Repeat the span of the entries below that starts at the line with "From a young" and ends at the line with "Decrease quantity for", nothing more. Skip the pictures.
──────── Listed entries ────────
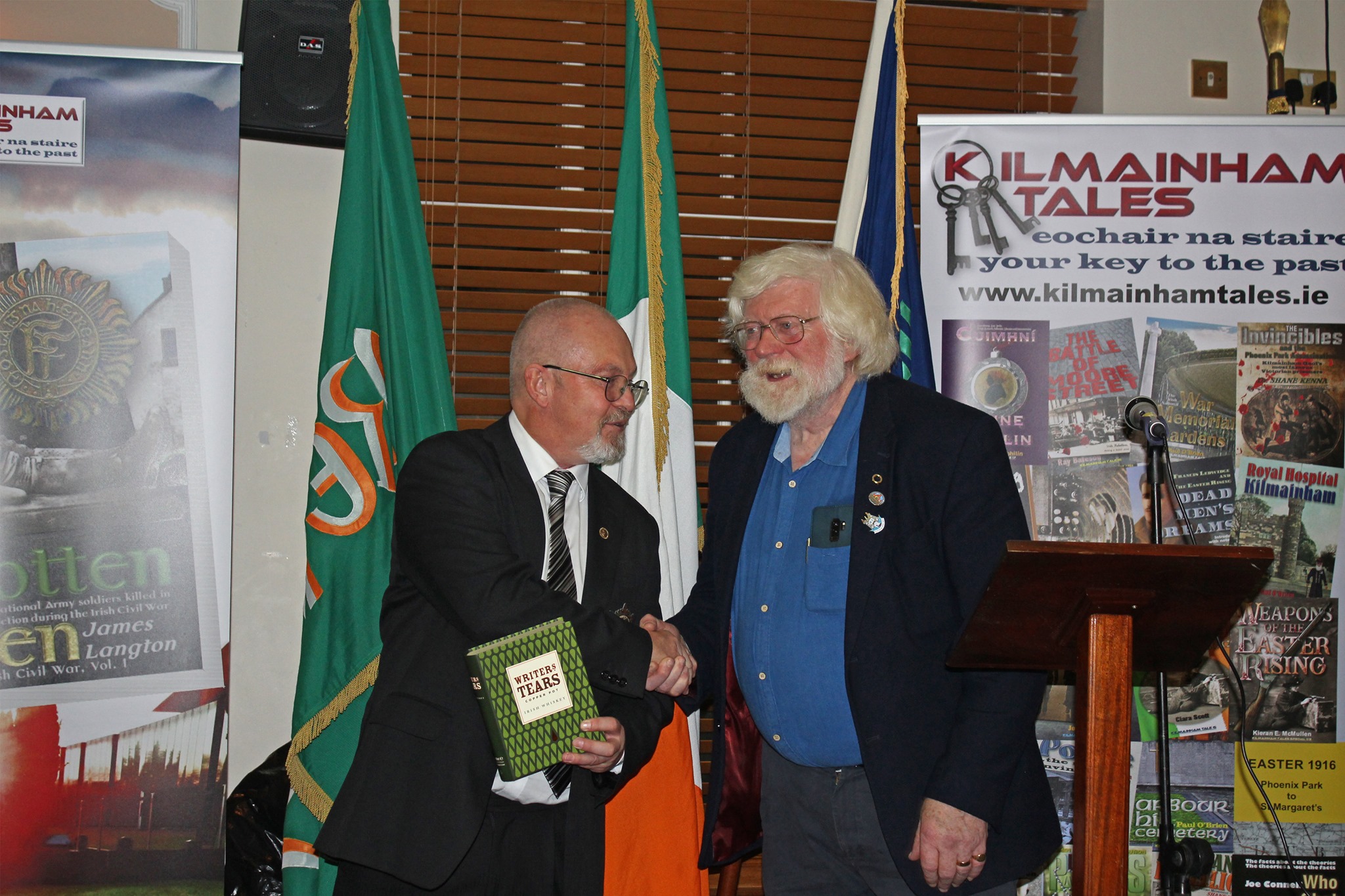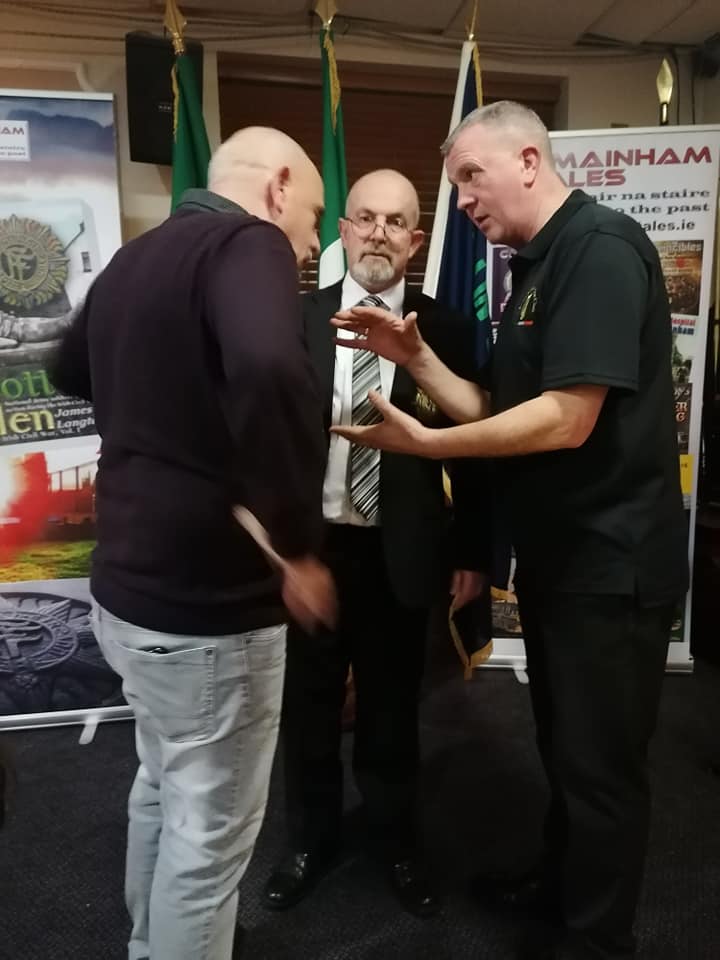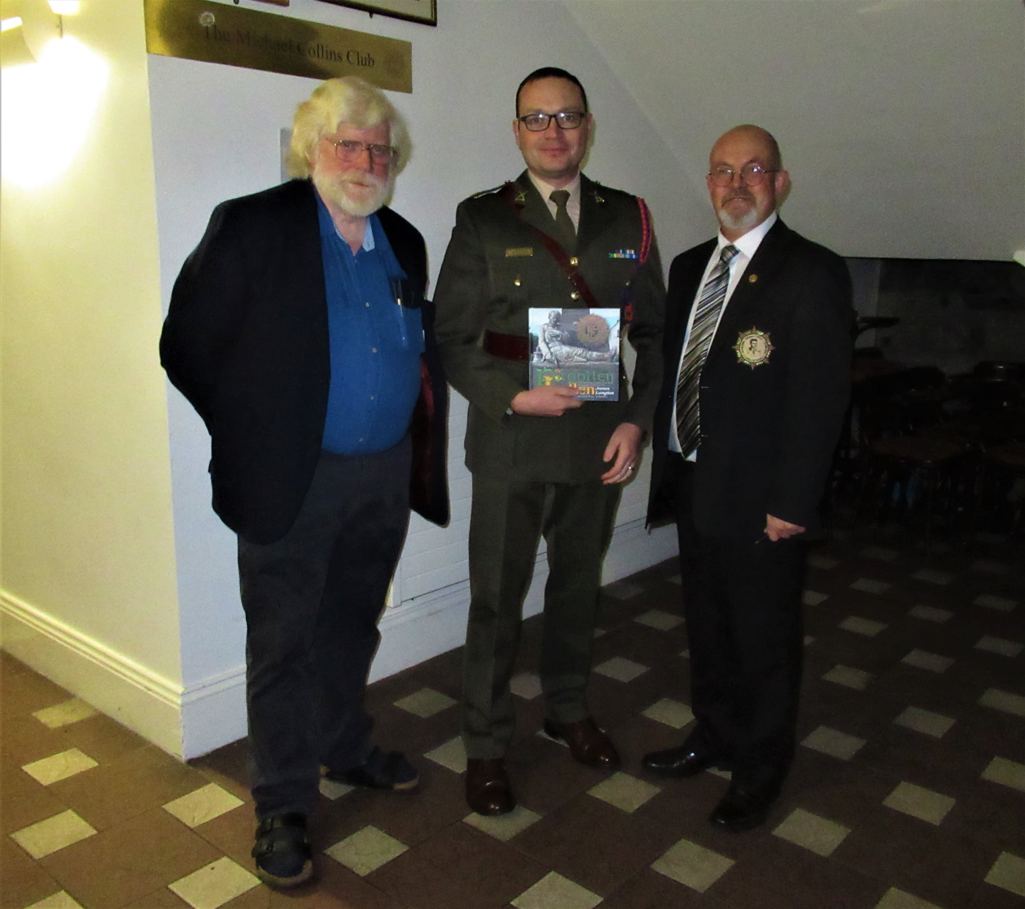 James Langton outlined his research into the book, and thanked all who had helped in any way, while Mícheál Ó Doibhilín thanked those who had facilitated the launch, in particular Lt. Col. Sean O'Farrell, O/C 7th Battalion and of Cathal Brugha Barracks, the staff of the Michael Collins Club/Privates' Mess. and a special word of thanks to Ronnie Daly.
────────
──────── Listed entries ────────
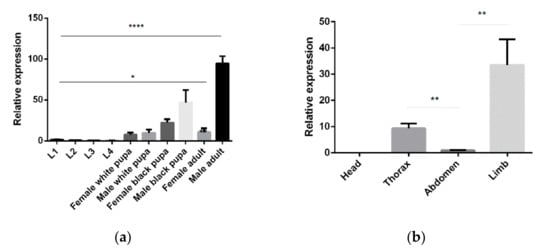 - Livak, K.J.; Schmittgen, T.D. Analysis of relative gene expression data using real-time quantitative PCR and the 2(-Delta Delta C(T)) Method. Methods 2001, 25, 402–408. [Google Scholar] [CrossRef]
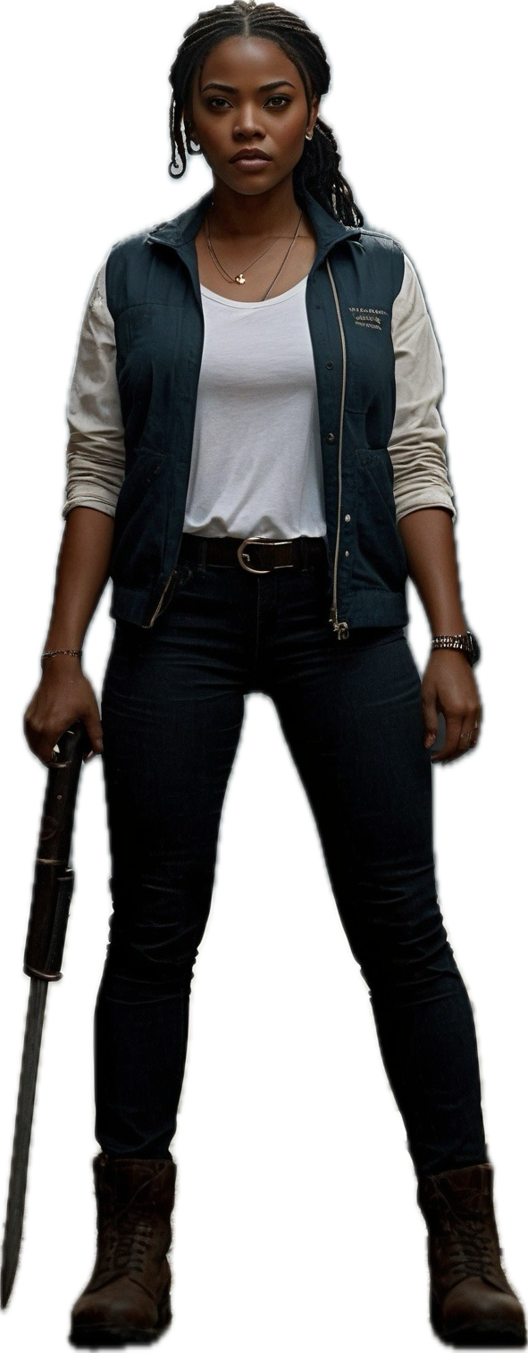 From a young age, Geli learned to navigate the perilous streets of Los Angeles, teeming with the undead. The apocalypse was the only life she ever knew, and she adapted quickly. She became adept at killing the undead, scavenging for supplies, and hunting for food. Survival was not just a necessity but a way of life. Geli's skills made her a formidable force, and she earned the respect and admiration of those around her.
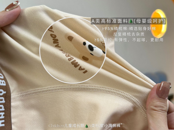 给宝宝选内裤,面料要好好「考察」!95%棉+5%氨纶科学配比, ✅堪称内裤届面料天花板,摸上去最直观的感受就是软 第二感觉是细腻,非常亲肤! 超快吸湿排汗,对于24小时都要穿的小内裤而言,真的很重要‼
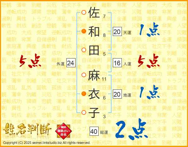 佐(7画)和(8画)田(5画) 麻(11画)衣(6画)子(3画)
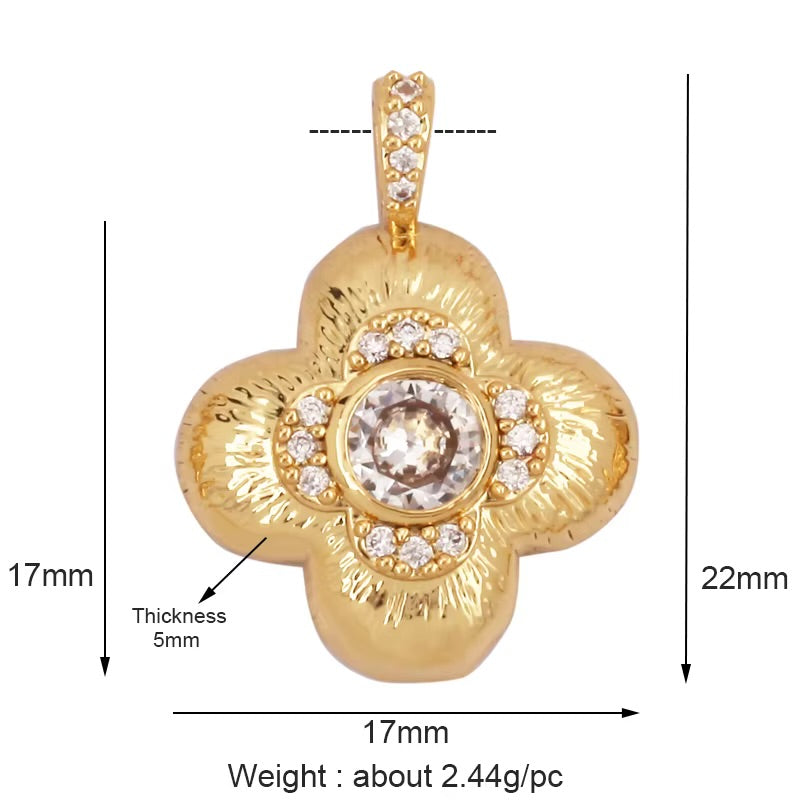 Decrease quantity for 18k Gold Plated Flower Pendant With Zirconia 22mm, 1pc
────────
──────── Listed entries ────────
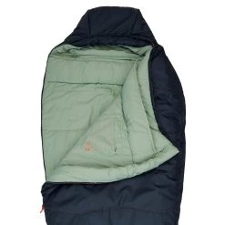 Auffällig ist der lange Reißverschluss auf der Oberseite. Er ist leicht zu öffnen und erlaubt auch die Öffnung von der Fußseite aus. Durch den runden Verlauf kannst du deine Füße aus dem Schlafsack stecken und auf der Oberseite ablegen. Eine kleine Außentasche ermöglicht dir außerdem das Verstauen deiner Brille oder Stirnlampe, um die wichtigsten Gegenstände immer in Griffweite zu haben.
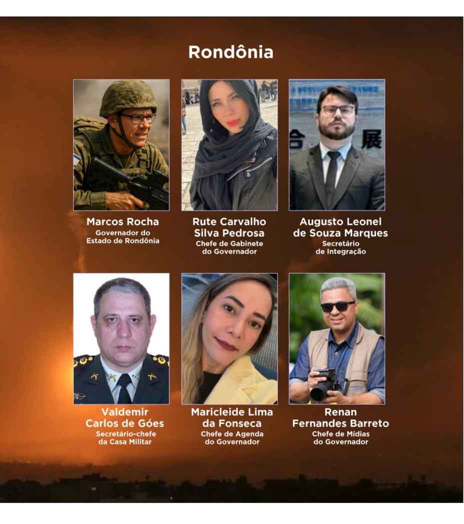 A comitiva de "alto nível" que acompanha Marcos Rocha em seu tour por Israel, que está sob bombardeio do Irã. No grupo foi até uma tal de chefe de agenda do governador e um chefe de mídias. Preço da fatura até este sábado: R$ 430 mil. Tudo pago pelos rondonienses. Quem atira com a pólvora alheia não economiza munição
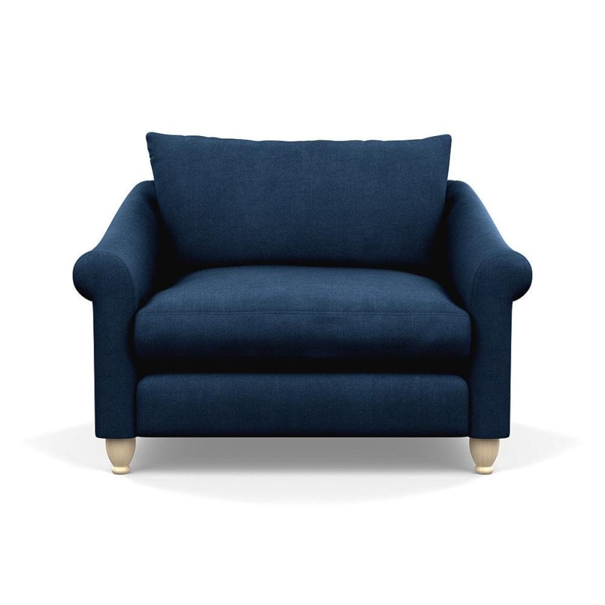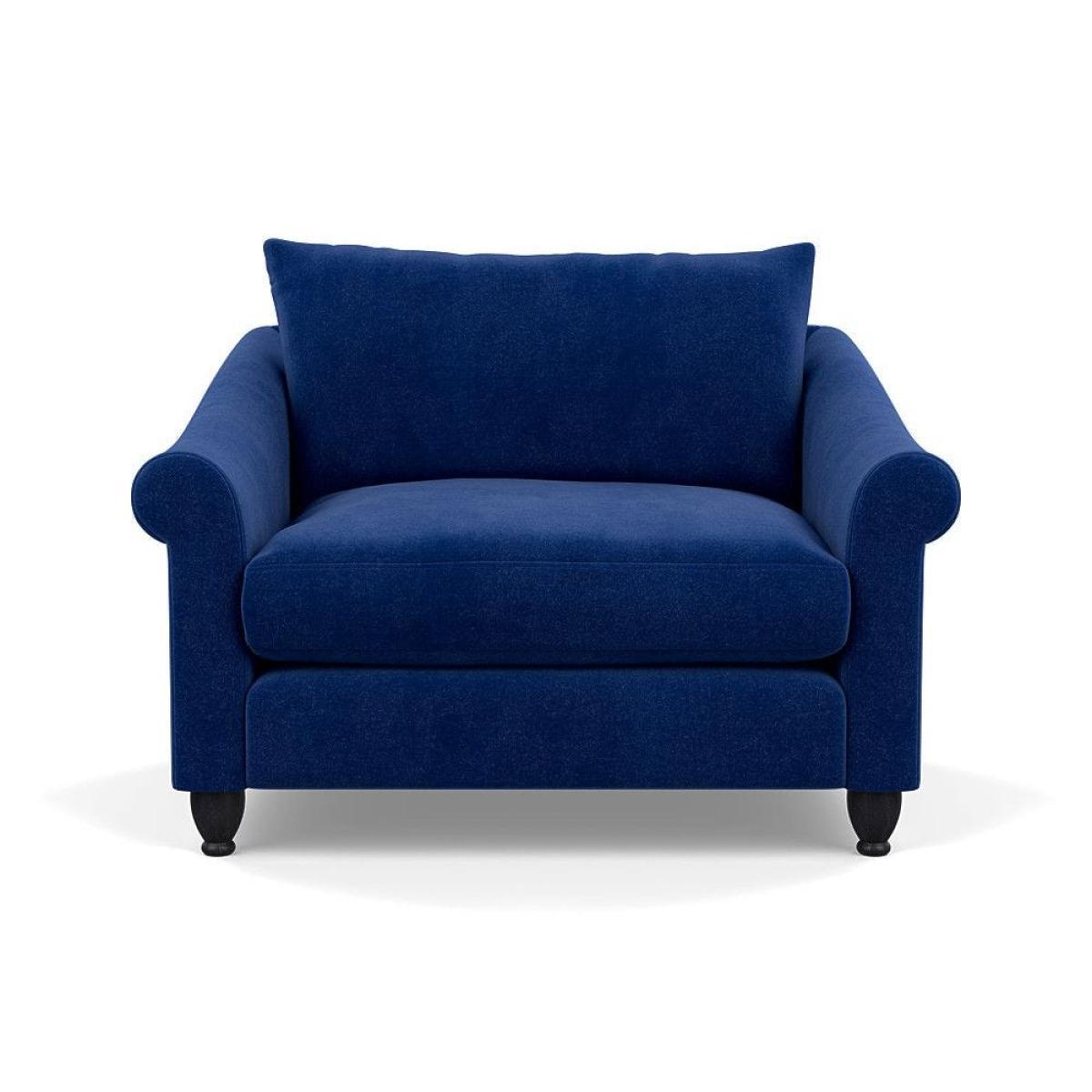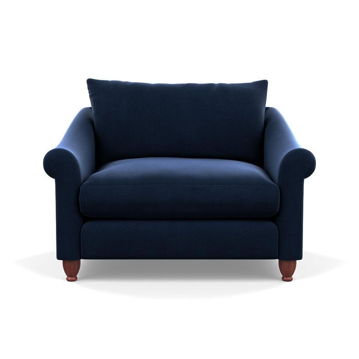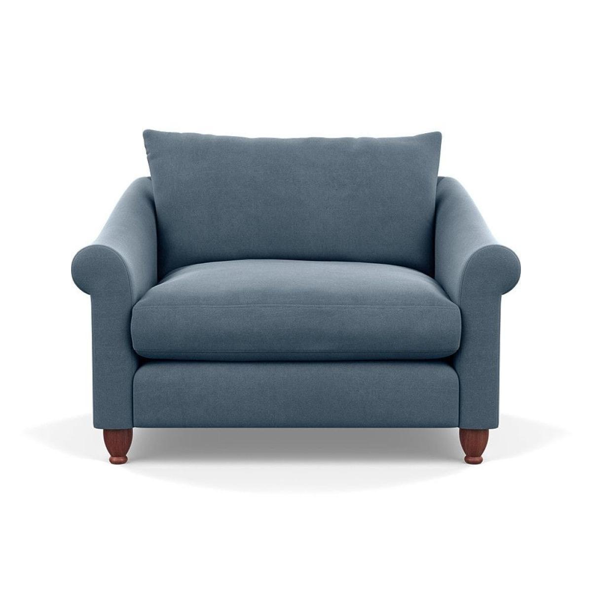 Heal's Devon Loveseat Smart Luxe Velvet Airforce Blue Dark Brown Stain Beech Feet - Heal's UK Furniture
────────
### Solution for this task
 From a young age, Geli learned to navigate the perilous streets of Los Angeles, teeming with the undead. The apocalypse was the only life she ever knew, and she adapted quickly. She became adept at killing the undead, scavenging for supplies, and hunting for food. Survival was not just a necessity but a way of life. Geli's skills made her a formidable force, and she earned the respect and admiration of those around her.
 给宝宝选内裤,面料要好好「考察」!95%棉+5%氨纶科学配比, ✅堪称内裤届面料天花板,摸上去最直观的感受就是软 第二感觉是细腻,非常亲肤! 超快吸湿排汗,对于24小时都要穿的小内裤而言,真的很重要‼
 佐(7画)和(8画)田(5画) 麻(11画)衣(6画)子(3画)
 Decrease quantity for 18k Gold Plated Flower Pendant With Zirconia 22mm, 1pc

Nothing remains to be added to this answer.